2.4 Negative & idempotency scenarios — exact delta 0 (unchanged)
Each non-happy-path scenario must produce delta = 0 on every one of the 12 tables versus the committed state immediately preceding that scenario (fail-closed / in-txn ROLLBACK; no partial writes):
| Scenario | Phase / nature | Assertion |
|---|---|---|
| S2 | Missing-key fail-closed (no socket) | Δ = 0 on all 12 tables |
| S3 (negative) | current_user mismatch → ConfigMismatch, no write |
Δ = 0 on all 12 tables |
| S8 | Principal-capability refusal before SQL | Δ = 0 on all 12 tables |
| S9 | 42501 server-deny → PhaseStop + rollback |
Δ = 0 on all 12 tables |
| S10 | Idempotency replay of MARK (find()/key dedup) |
Δ = 0 on all 12 tables (no increment; decision_backlog_entry stays 1) |
| S11 | Induced mid-phase failure → whole-phase ROLLBACK | Δ = 0 on all 12 tables (atomicity; cross-checked by G-20) |
S1 (config load, no connect) and S12 (append-only/no-DDL surface assertion) perform no row writes ⇒ Δ = 0 on all 12 tables by construction.
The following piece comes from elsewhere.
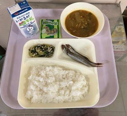 11月17日(月)の給食は、ごはん、牛乳、焼きししゃも、和風カレー汁、ささみとこまつなのいためもの、まっ茶大豆、です。
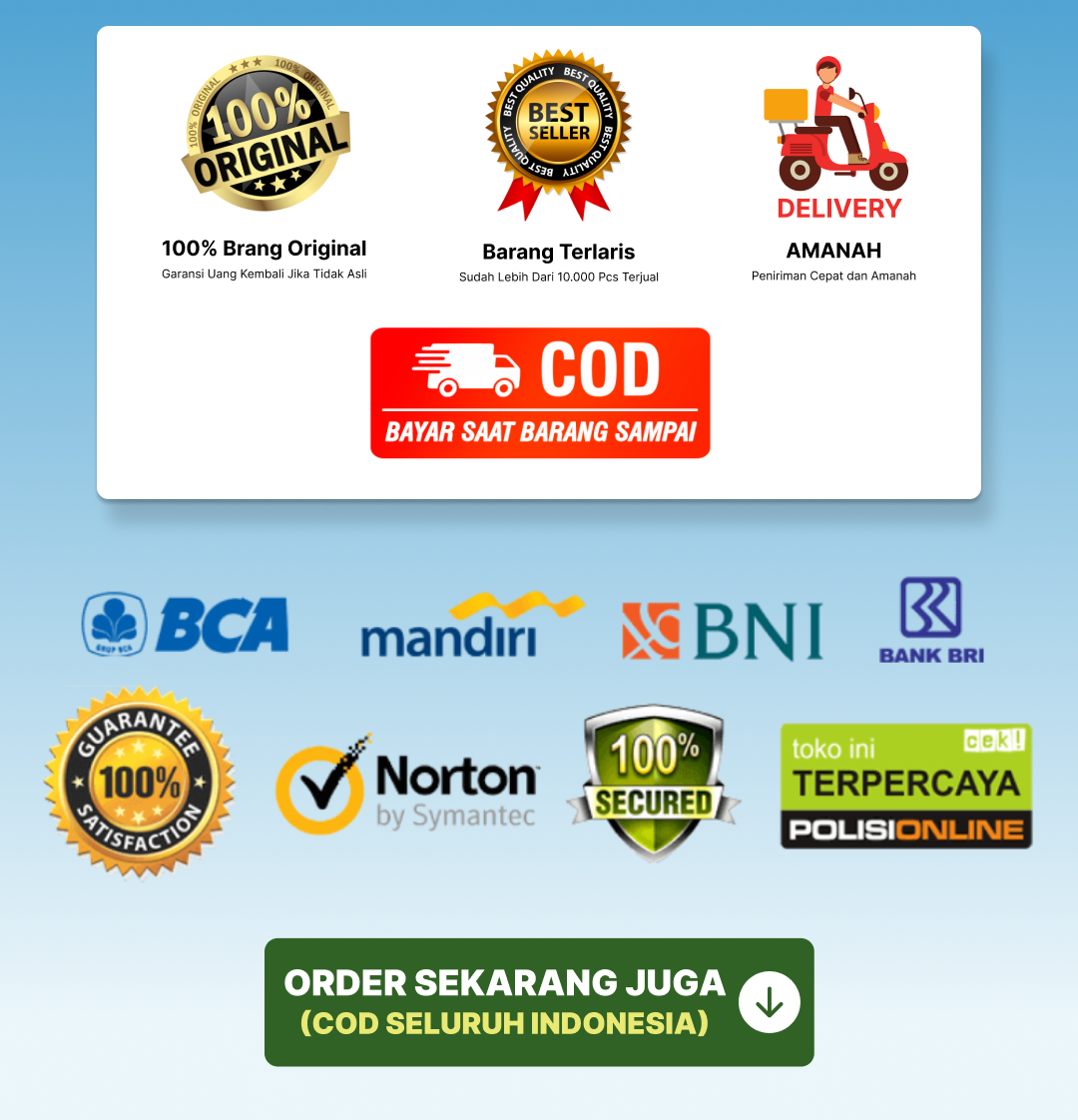 Ya, kami melayani pemesanan ke seluruh Indonesia dengan sistem COD (Bayar di Tempat) untuk memudahkan Anda.

Any non-zero delta on any negative/idempotency scenario ⇒ FAIL.
3. False-negative defences (recurring lesson — unchanged)
Explicitly engineered against prior cycles' harness false-negatives:
- Structural, not string: privilege/constraint comparisons use
aclexplodeset-equality and catalog queries — neverpg_get_constraintdef()string compare (it emits schema-qualifiedREFERENCES; caused a needless prod rollback before) and never parsed psql text. - Safe counters: integers via
psql -tAc 'select count(*)'into a variable; nevergrep -c P f || echo 0(double-emit "0\n0" breaks[ -eq ]). Each §2 cell is compared as an integer equality, not a substring match. - NOTICE vs error: restore/role NOTICEs (
role … does not exist,context_pack_readonly) are benign (Note-N1) and explicitly whitelisted, not failures. - Multi-statement parsing: SQL trace classified per-statement after split, not via a single regex over the whole file.
- sha-gating: every SQL/python artefact sha256-verified pre-run; verdicts quote the sha.
4. Verdict rule
Run = PASS iff every scenario S1–S12 (including the mandatory SWEEP promotion step in the canonical MARK→SWEEP→REVIEW→CUT→VERIFY flow) meets its expected outcome AND the §2.3 exact final baseline holds cell-for-cell (total = 15) AND every §2.4 negative/idempotency delta is exactly 0 AND G-14…G-25 all PASS. Any structural failure ⇒ STOP + teardown + honest failure report (no "self-check bug flips a good run" — a suspected harness FN must be proven structurally before any rollback decision).